Well that's great to know.  I always wondered how Tony was paying grocery store clerks from his web site income !!!  I agree that he has the most comprehensive site in the world, he is a motivated guy !

As far as the Lietz is concerned, it IS virtually unused.  I've never, never encountered a deal like this one:  beautiful mill with the most intelligent drive system I've seen, lots of arbor spacers, two straight arbors (7/8 and 1 inch) and a treasure trove of documentation.

The Lietz has since been well tooled up from eBay - turns out that purchasing arbor tooling is NOT the costly enterprise that I was initially led to believe.





(There are some substantial slab mills and about a dozen NMTB-40 end mill holders not shown, they are stored on a different work bench.)

This was one of those "in the right place at the right time" incidents.  I keep in touch with the original owner; he's a very intelligent guy and a talented machinist.  He's come by the house a couple of times to bring items for the Lietz that he'd forgotten to provide at the time of the sale.

Sometimes I read the thoughts that he provided, included in the initial review of this machine, and it makes me sad to think of what we've lost in terms of traditional skills.  CNC machinery are wonderful tools but my admiration goes to the tool/die makers who could make a machine like this Lietz do their bidding to produce wonderfully complex parts !
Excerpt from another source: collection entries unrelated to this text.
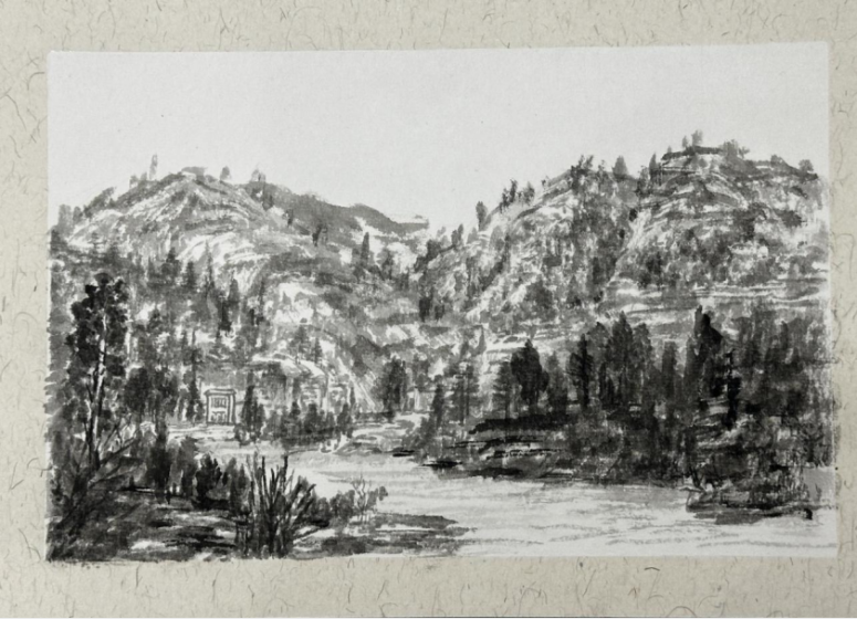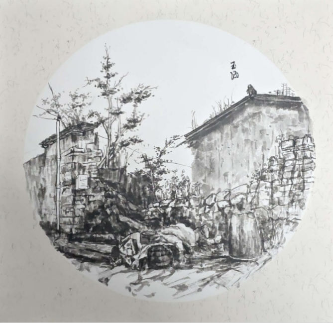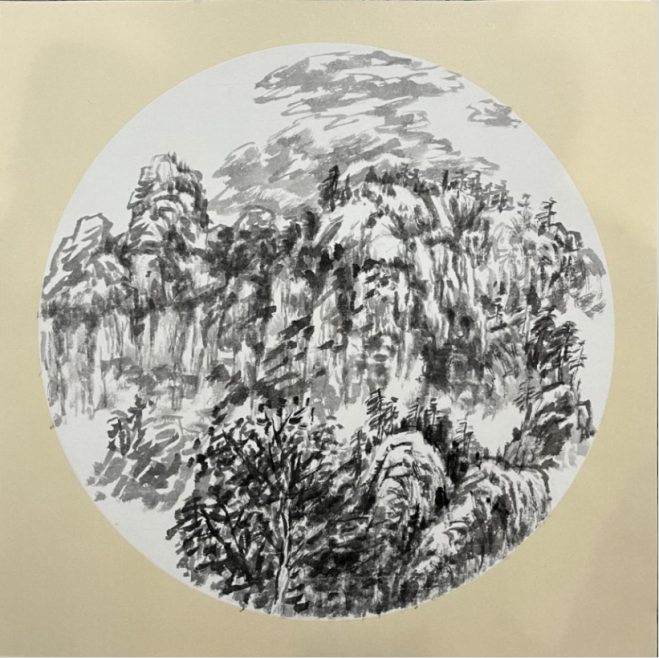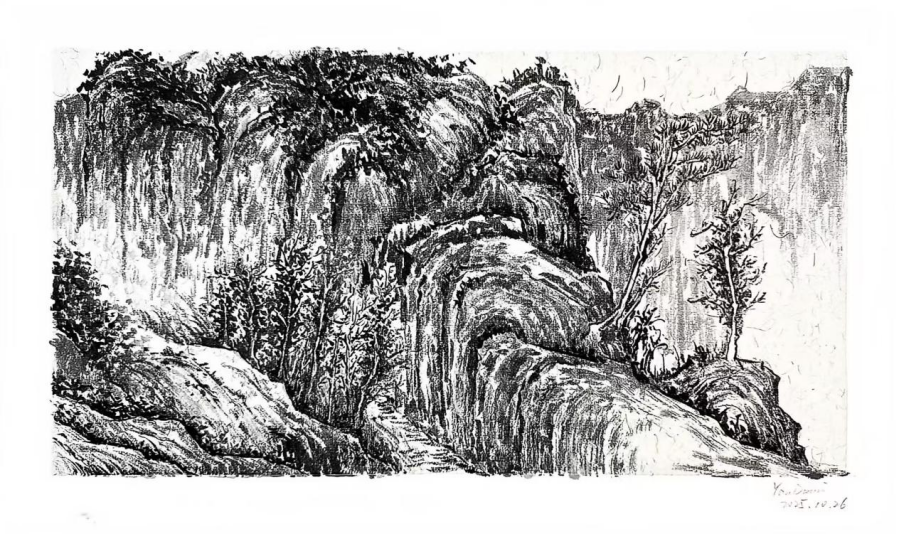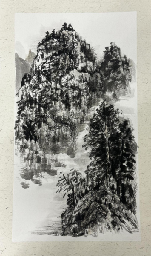太行山以巍峨的山峦、纵横的沟壑、苍劲的林木勾勒出北方山水的雄浑气象。写生期间,同学们每日深入山间取景,在观察山石肌理、云雾变化与光影层次的过程中,逐步理解太行山水“雄、奇、险、秀”的美学特质,深刻体会传统山水画“外师造化,中得心源”的创作理念。与当地村民的交流中,同学们更听闻了太行山的历史传说与当代乡村发展故事,将对自然的感知与对地域文化、社会现实的认知融入画笔,让作品兼具艺术质感与人文温度。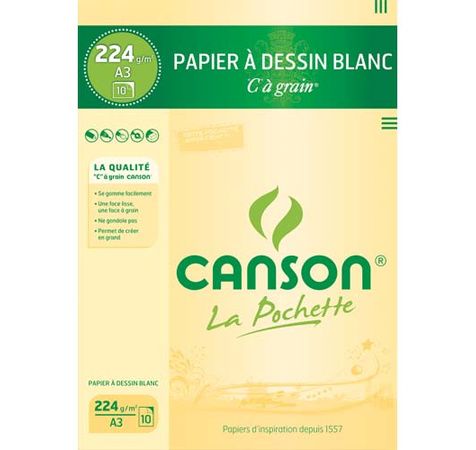Pochette de 10 feuilles de papier dessin C A GRAIN 224g A3 Ref-27115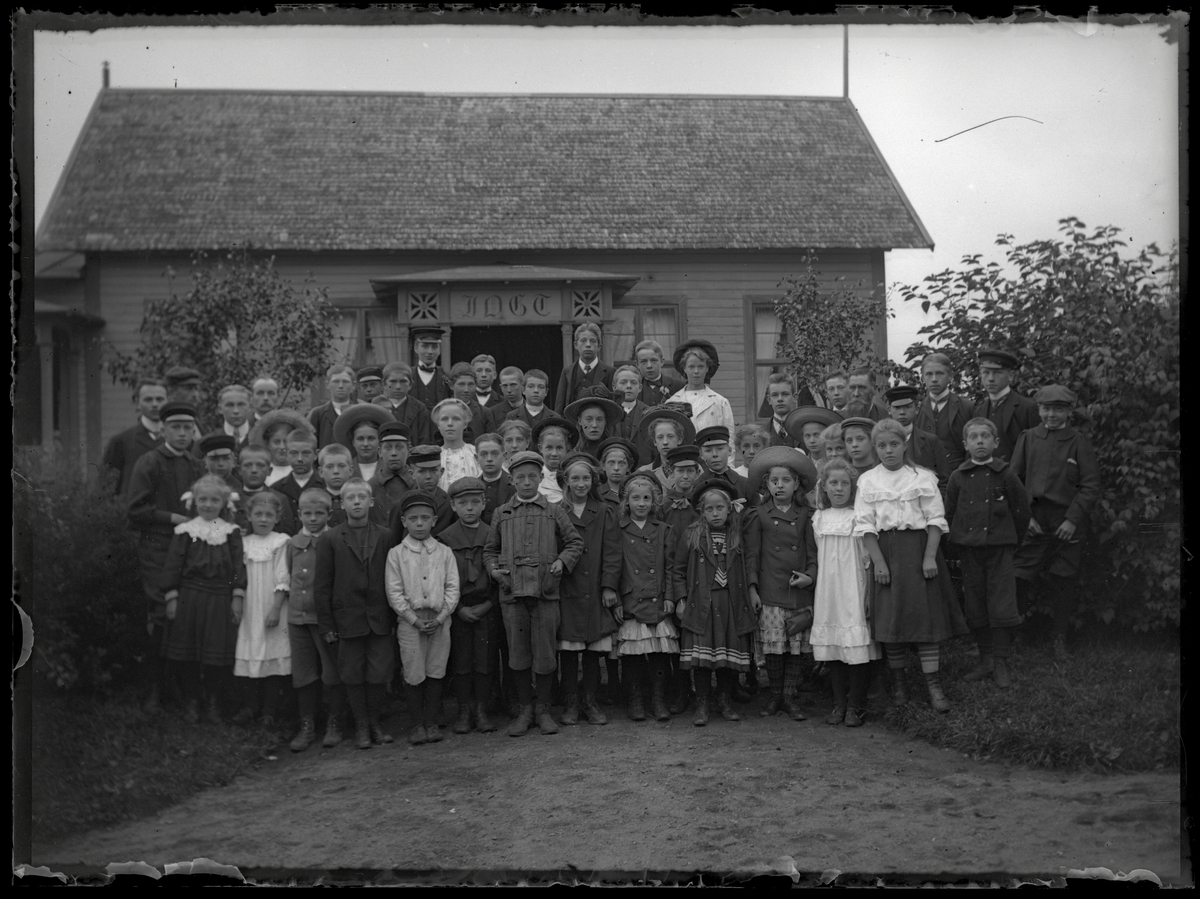 Barn och vuxna framför IOGT-lokal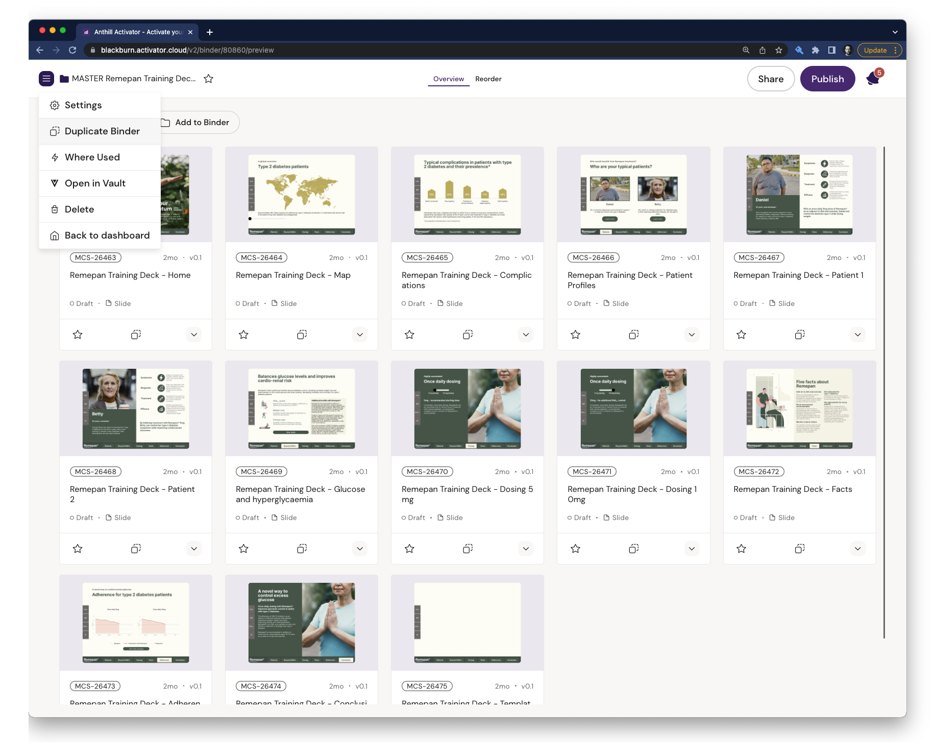 Click Duplicate. Once the Binder and its content have been copied and loaded, you can start editing it where needed.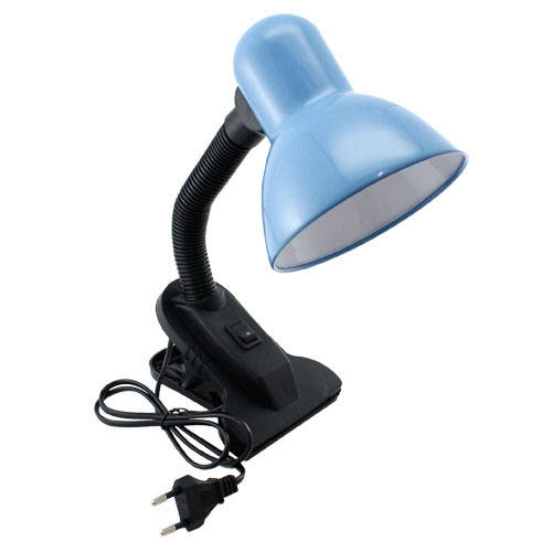 Классическая настольная лампа с гибкой ножкой, имеет клипсу-зажим вместо обычной подставки. Благодаря этому ее удобно крепить как к столешнице, так и к полке шкафчика или любой другой поверхности. Лампа идеально подойдет как небольшой источник света во время чтения книги, письма и т.д. С помощью гибкой ножки свет можно направлять в любую сторону. В стандартный патрон можно устанавливать энергосберегающие, светодиодные лампочки или лампы накалывания. Максимальное раскрытие клипсы: 30 мм Стандартный патрон: Е27 Цвет плафона: синий, зеленый, розовый, красный, фиолетовый, черный (при заказе можете указывать желаемый цвет) Питание: AC 220 В Размеры плафона: диаметр 110 мм, высота 123 мм Высота ножки: 140 мм Размеры клипсы: 115 х 90 х 60 мм Длина шнура питания: 72 см Вес: 268 г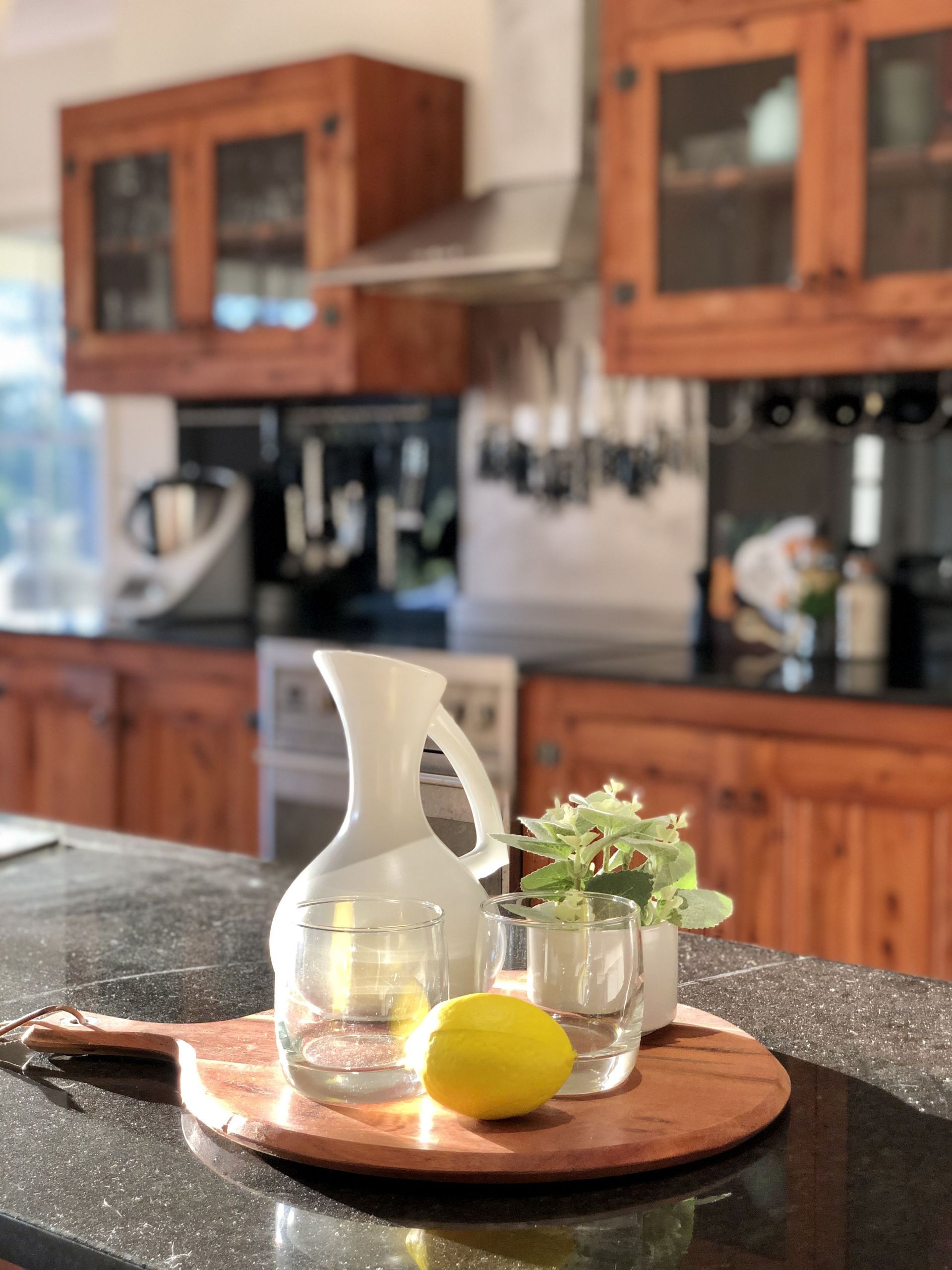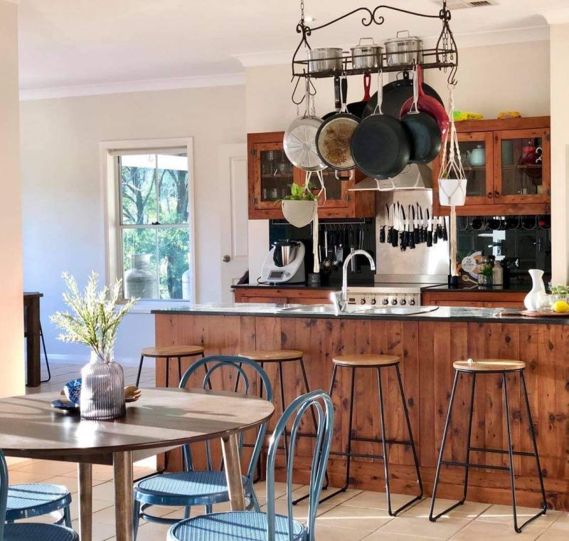 The country style gourmet kitchen offers custom cabinets, stone benchtops, brand new gas oven, double drawer stainless steel dishwasher and oversized walk-in pantry.
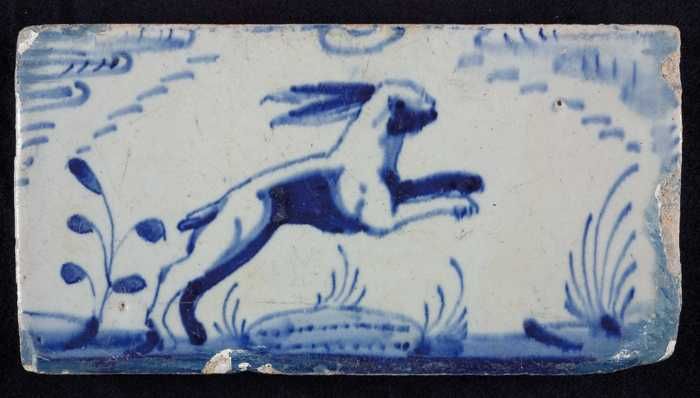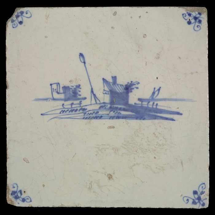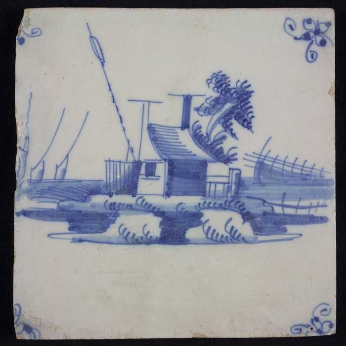 Tafereeltegel, blauw, vuurbaak en woning, hoekmotief...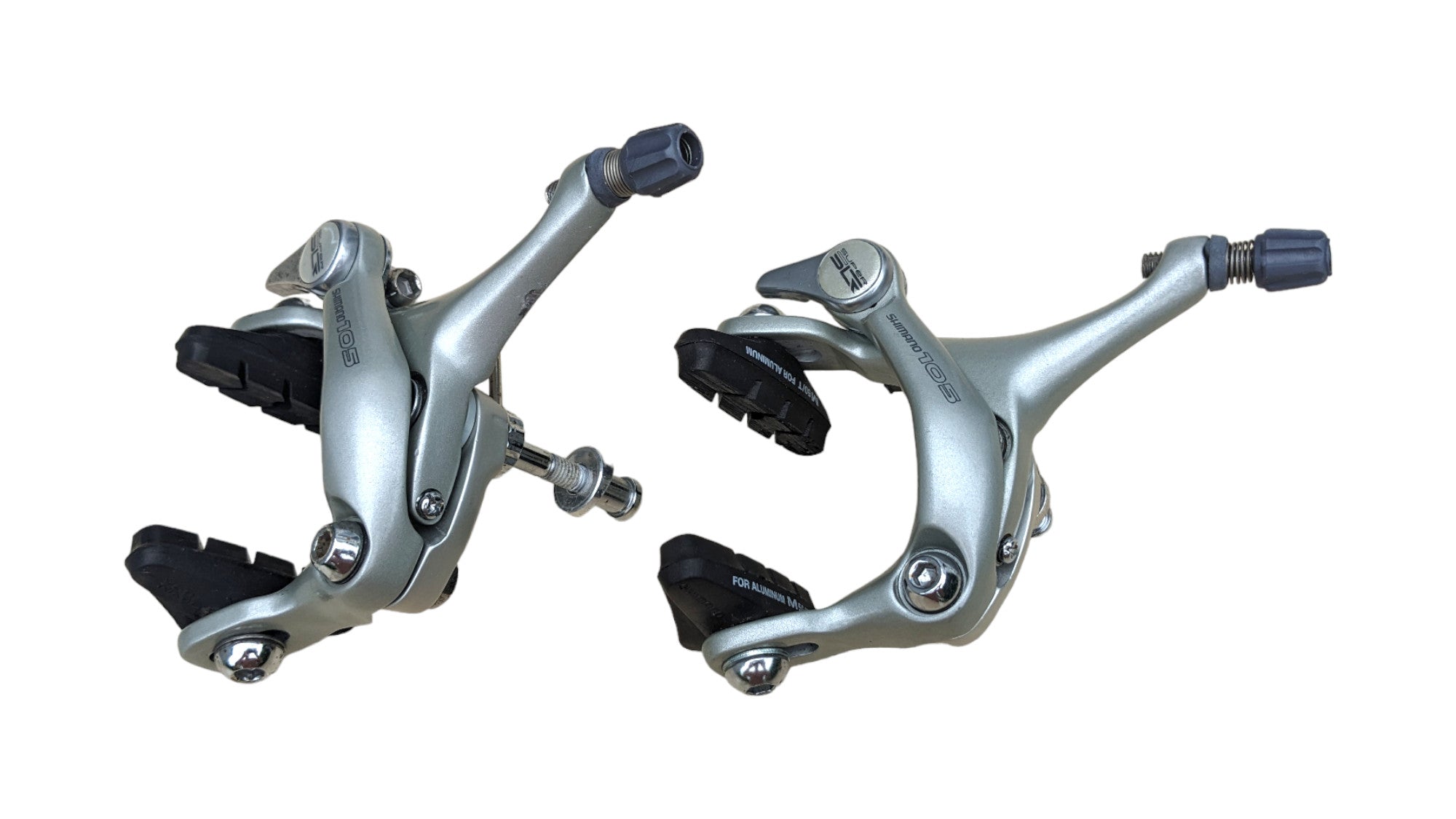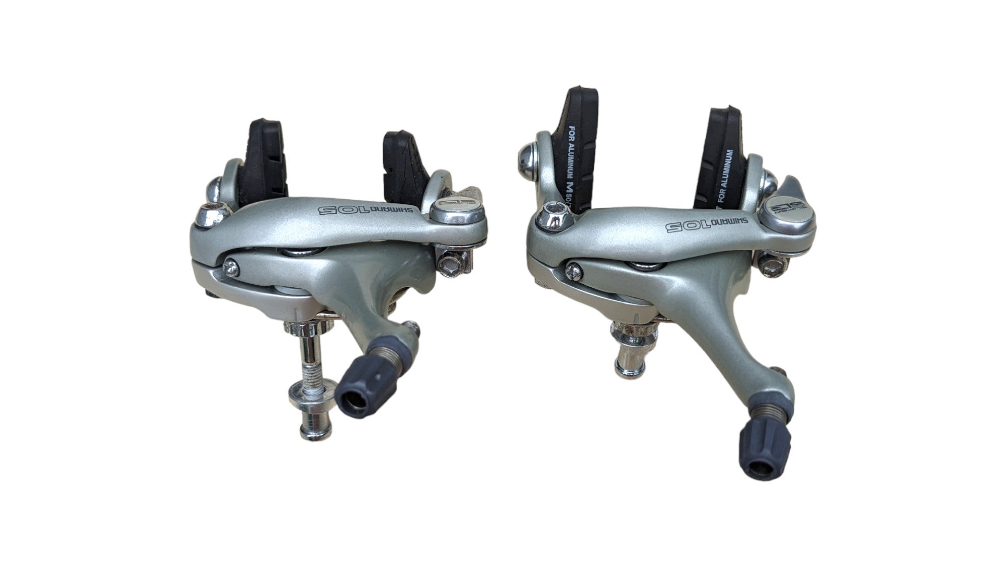 Shimano 105 BR-1055 brakes. Used, cleaned and fully functional. Dual-pivot calipers from the early 105 series — reliable, versatile, and ideal for vintage road bike restorations.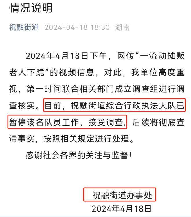 老人这一跪,让人心酸。很多网友评论说:“视频传到哪了?”足以说明这起事件引起的争议有多大,大家心里有多不舒服,有多希望事件得到妥善处理。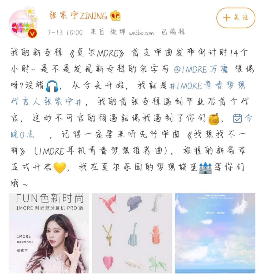 7月13日,张紫宁发微博宣布,自己的首张个人专辑《莫尔MORE》的先行单曲《我想我不一样》在14号凌晨发布,喜欢张紫宁的小伙伴一定要去听哦!

(PS:  LMAO at your comment on PM today on the tailstock thread.)


----------



## hermetic (Mar 17, 2015)

I agree with you on H mill tooling, it is not that expensive, and there is a lot of int40 about. My harrison is int30, so not quite as plentiful, but still not difficult. I need some more arbors, as I have a lot of imperial tooling, and only one metric arbor! My lucky find was the vertical head for the Harrison, which are generally rare as hens teeth, but I bought one of a guy who had bought an industrial building, and found it whilst clearing it out. It still had an int30 collet chuck and a cutter in it! Tyrone is a good guy, and very knowlegable and experienced, but I get rankled when people lay down rules without saying WHY, because that way no one learns anything, and one of the greatest uses of the internet is the dissemination of knowledge. If we share, we also all learn!
Phil
UK


----------



## randyc (Mar 17, 2015)

OK, I'm getting off topic here but I completely agree with you about Tyrone.  He is one smart, experienced dude but, like you, I dislike dictums (dicta ?) without explanations.  By coincidence, LOL, one of the surfaces of my Sheldon tailstock has a .010 shim that I installed some time ago ... OK, it's a quick fix and not particularly elegant but hell, it WORKS.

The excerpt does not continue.